Prefer where clauses over inline bounds when there are multiple constraints:

impl<Size, SizeGetter, HardlinksRecorder, Report>
    From<FsTreeBuilder<'a, Size, SizeGetter, HardlinksRecorder, Report>>
    for DataTree<OsStringDisplay, Size>
where
    Report: Reporter<Size> + Sync + ?Sized,
    Size: size::Size + Send + Sync,
    SizeGetter: GetSize<Size = Size> + Sync,
    HardlinksRecorder: RecordHardlinks<Size, Report> + Sync + ?Sized,

Error Handling

  • Use derive_more for error types. Only derive the traits that are actually used:
    • Display: derive when the type needs to be displayed (e.g., printed to stderr, used in format strings).
    • Error: derive when the type is used as a std::error::Error (e.g., as the error type in Result, or as a source of another error).
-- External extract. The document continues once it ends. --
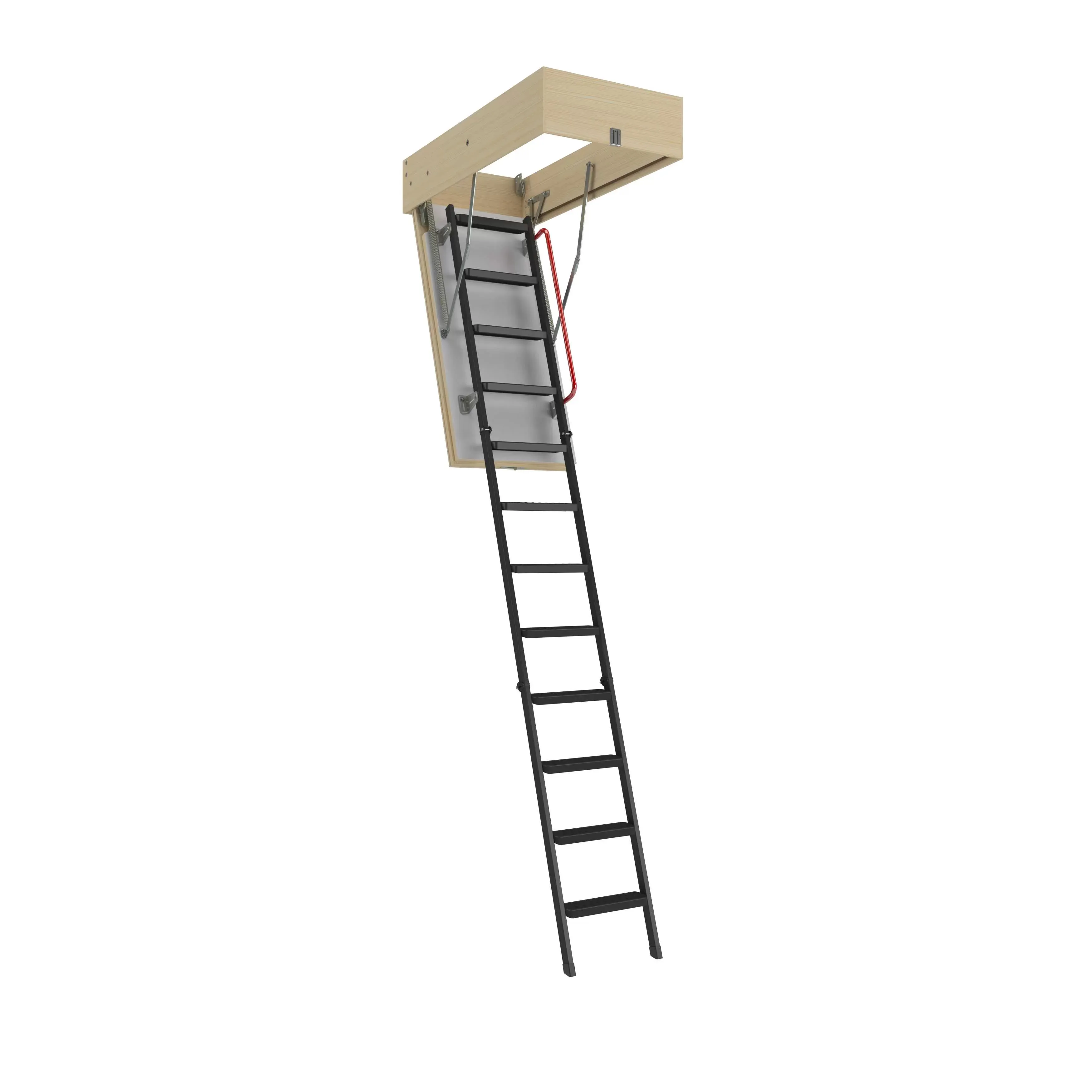 Лестница представлена в двух вариантах: с поворотом направо и с поворотом налево. Благодаря возможности регулировать высоту шага с помощью пластиковых вставок (входят в базовый комплект), высоту лестницы можно варьировать в пределах от 2860 до 3090 мм. Кроме того, купив дополнительную секцию для этой лестницы, можно поднять высоту до 3320 мм. Поручень изготовлен из массива бука в тон ступеням. Ступени и поручень покрыты износостойким защитным лаком.

Not all types with Display need Error.
    • A type that only needs formatting (not error handling) should derive Display without Error.
  • Minimize unwrap() in non-test code — use proper error propagation. unwrap() is acceptable in tests and for provably infallible operations (with a comment explaining why). When deliberately ignoring an error, use .ok() with a comment explaining why.
#[derive(Debug, Display, Error)]
#[non_exhaustive]
pub enum RuntimeError {
    #[display("SerializationFailure: {_0}")]
    SerializationFailure(serde_json::Error),
}

Conditional Test Skipping: #[cfg] vs #[cfg_attr(..., ignore)]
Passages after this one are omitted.